The world of football is increasingly linked to betting market and not any forecasting model based on the Dixon-Coles (1997) has been openly applied to the results of the French Ligue 1.

The problem : How to develop a forecasting tool, based on a recognized scientific model, which takes into account historical data of the Ligue 1 ?



Data Mining :

Starting with data crawling and data mining techniques, we have collected data for all Ligue 1 matches from season 1993-1994 until today.


Data Industrialisation :

For each game, we can get a lot of data: the final score, the times of the goals have been scored, the name of the goal scorers, number of corners, number of offsides, etc.


Ranking data :

In this first version of analysis, we have considered for each game :

  • season of the match
  • date of the match
  • name of the home team / away team
  • number of goals scored by the home team / away team


The Dixon Coles-model (1997) that we have chosen :

  1. It allows you to model the different skills in attack and in defense for each team.
  2. It considers a sort of dependency between goals scored by the home team and goals scored by the away team for "low-scoring" games, basically games with few goals (i.e. 0-0, 1-0, 0-1, 1-1).
  3. It takes into account the change in performance over time for each team.
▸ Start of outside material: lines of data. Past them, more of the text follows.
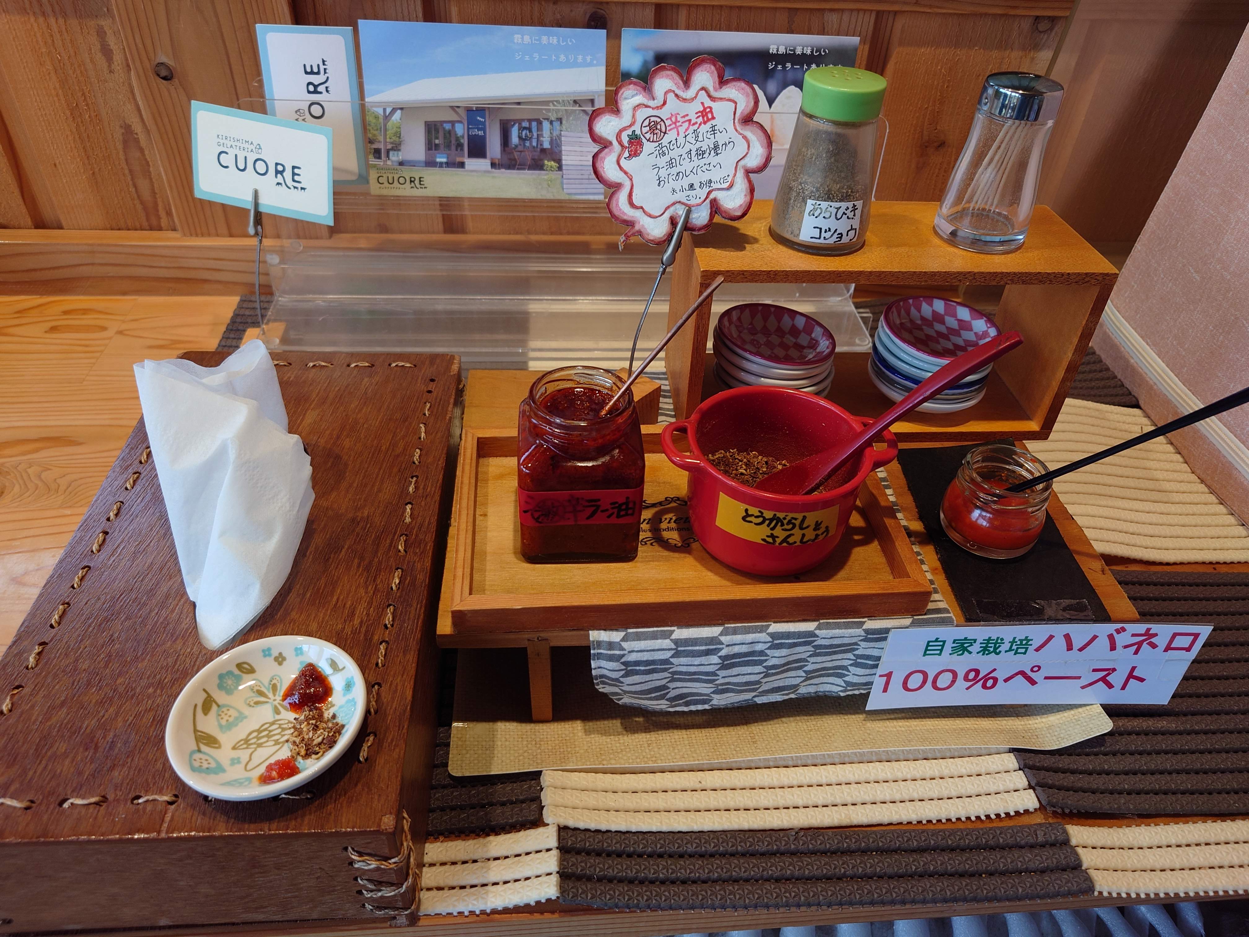 カウンター端の調味料台から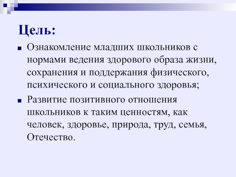 Развитие позитивного отношения школьников к таким ценностям, как человек, здоровье, природа, труд, семья, Отечество.
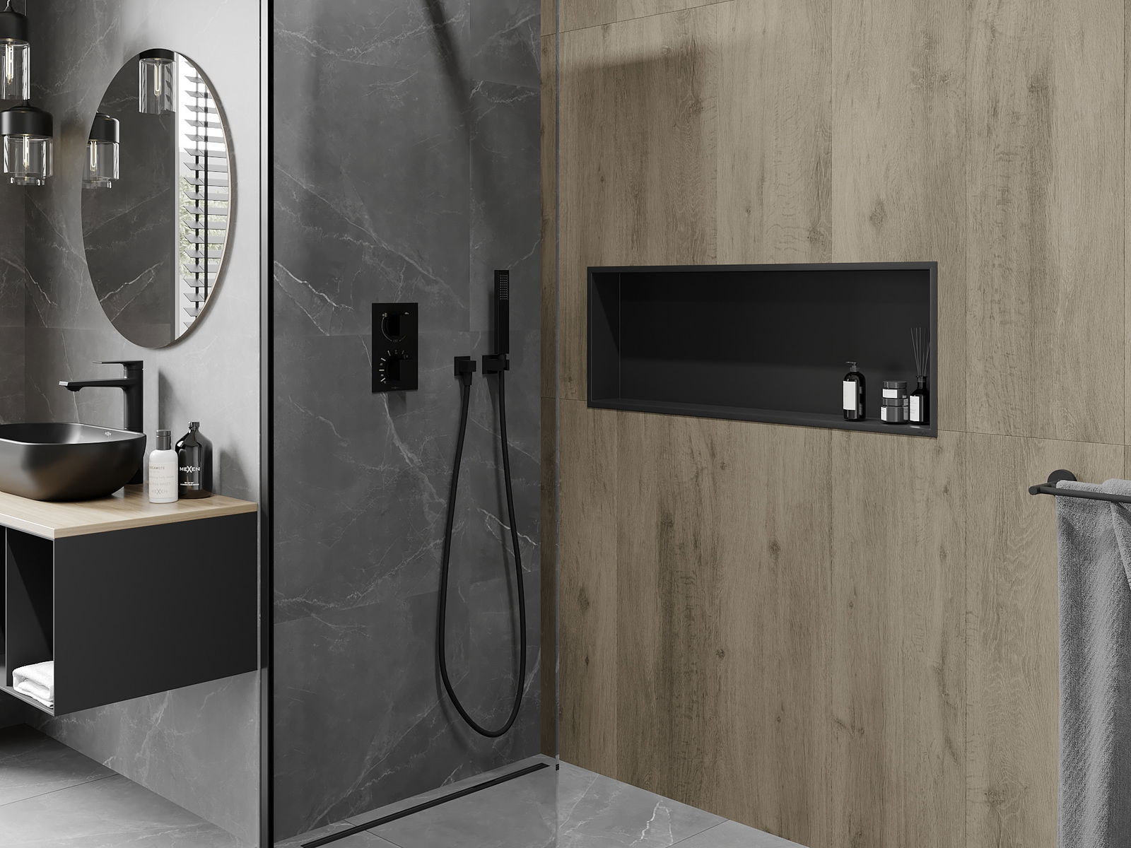 Mexen X-Wall-R nisplank met kraag 90 x 30 cm, zwart - 1970903010

This remark comes from the idea that a performance of a team is probably more similar to their performance in the latest games rather than their performance in older games.
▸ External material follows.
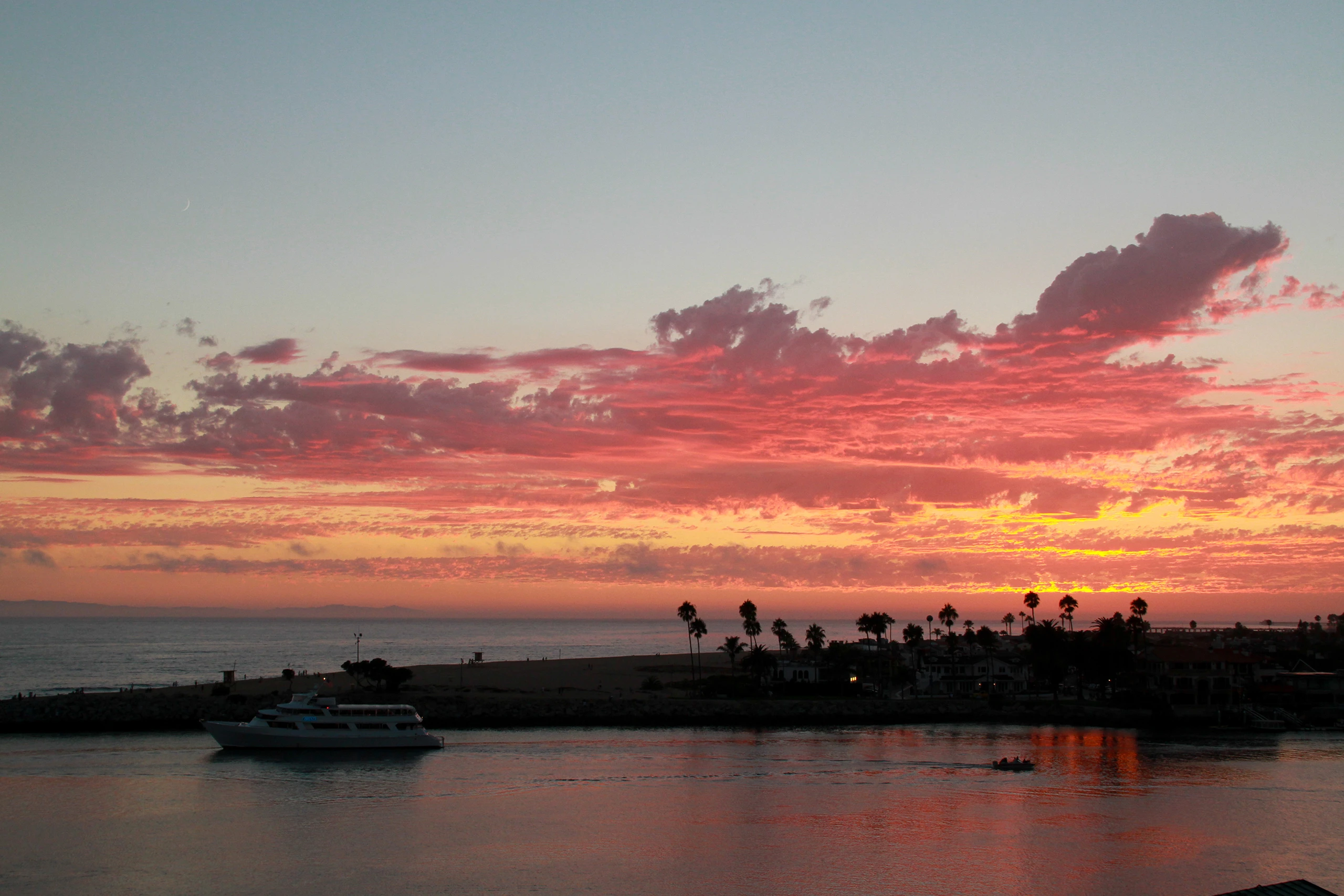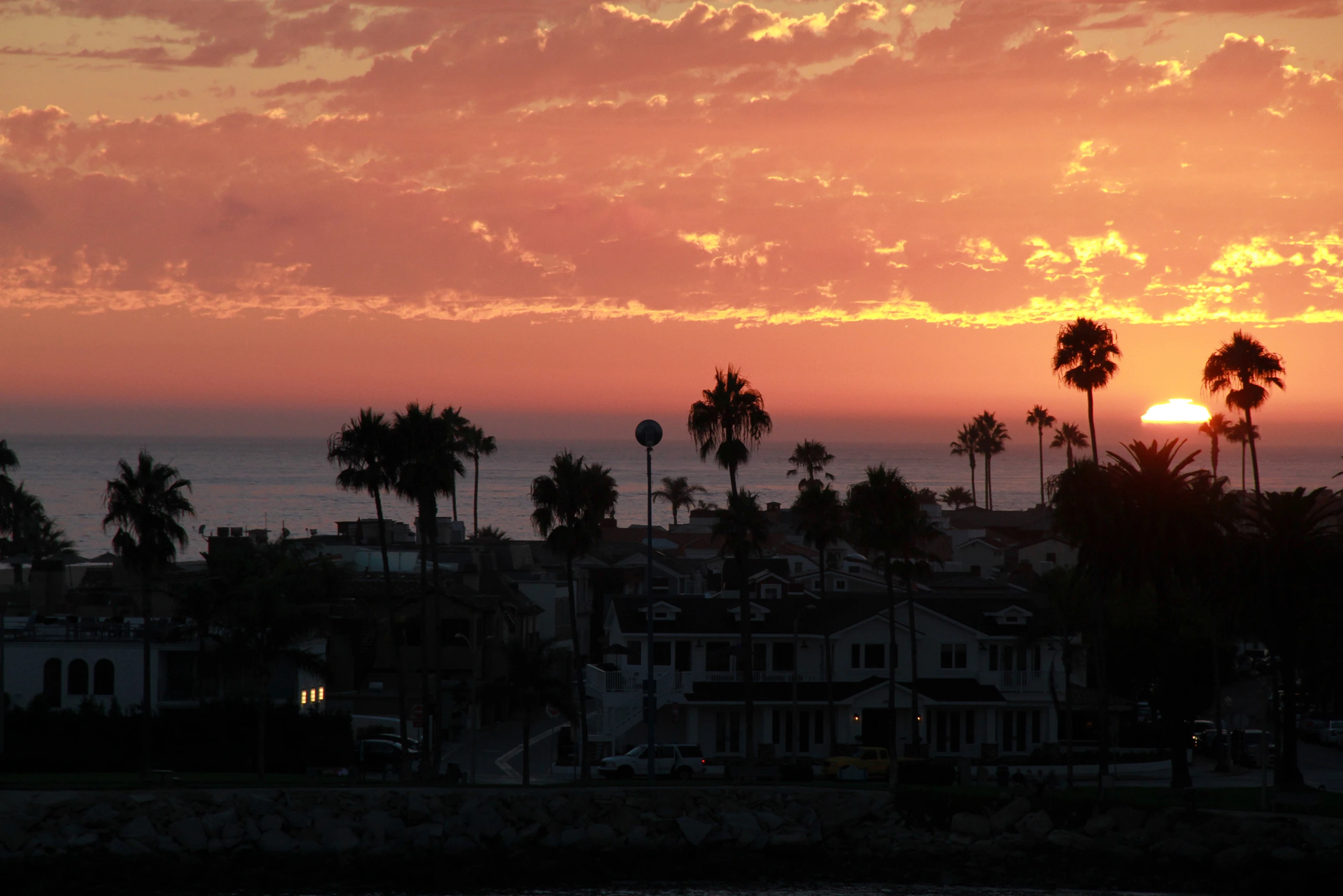 sunset view over southern californian coastal city and harbor

Ligue 1 has a predictive model based on the Dixon-Coles (1997). Anyone can refer to and check real-time forecasts of the next matchday. A system of virtual machine and machine learning is set up to automatically retrieve the new results of the league and to automatically remodel the algorithm in order to provide statistics for the following matchday.


A playful interface in data visualization, with the clubs' crest logos and interactive graphics, has been set up to check the future predictions. In addition, the working methodology is free and usable by any data scientist wishing to improve the model. Let's rock!